What this task involves
From the entries below, output the line with "県外からも多くの応募がありました" and each following line up to and including the line with "応募者の県内・外の割合はほぼ", exactly as written.

The records
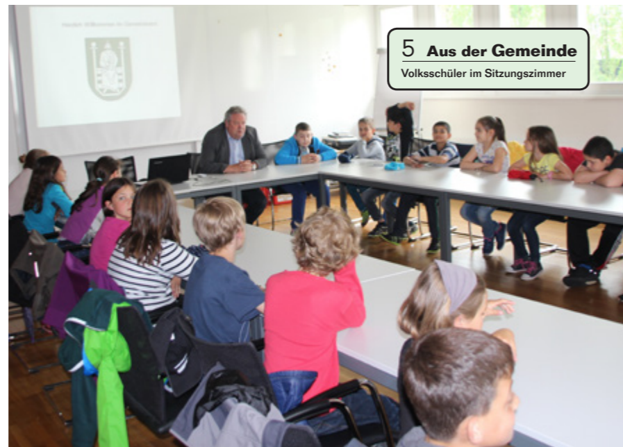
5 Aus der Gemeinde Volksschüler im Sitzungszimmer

...

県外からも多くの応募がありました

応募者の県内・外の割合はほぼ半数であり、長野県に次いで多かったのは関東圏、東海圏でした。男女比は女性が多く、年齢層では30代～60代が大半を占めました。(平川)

Exercise result
県外からも多くの応募がありました

応募者の県内・外の割合はほぼ半数であり、長野県に次いで多かったのは関東圏、東海圏でした。男女比は女性が多く、年齢層では30代～60代が大半を占めました。(平川)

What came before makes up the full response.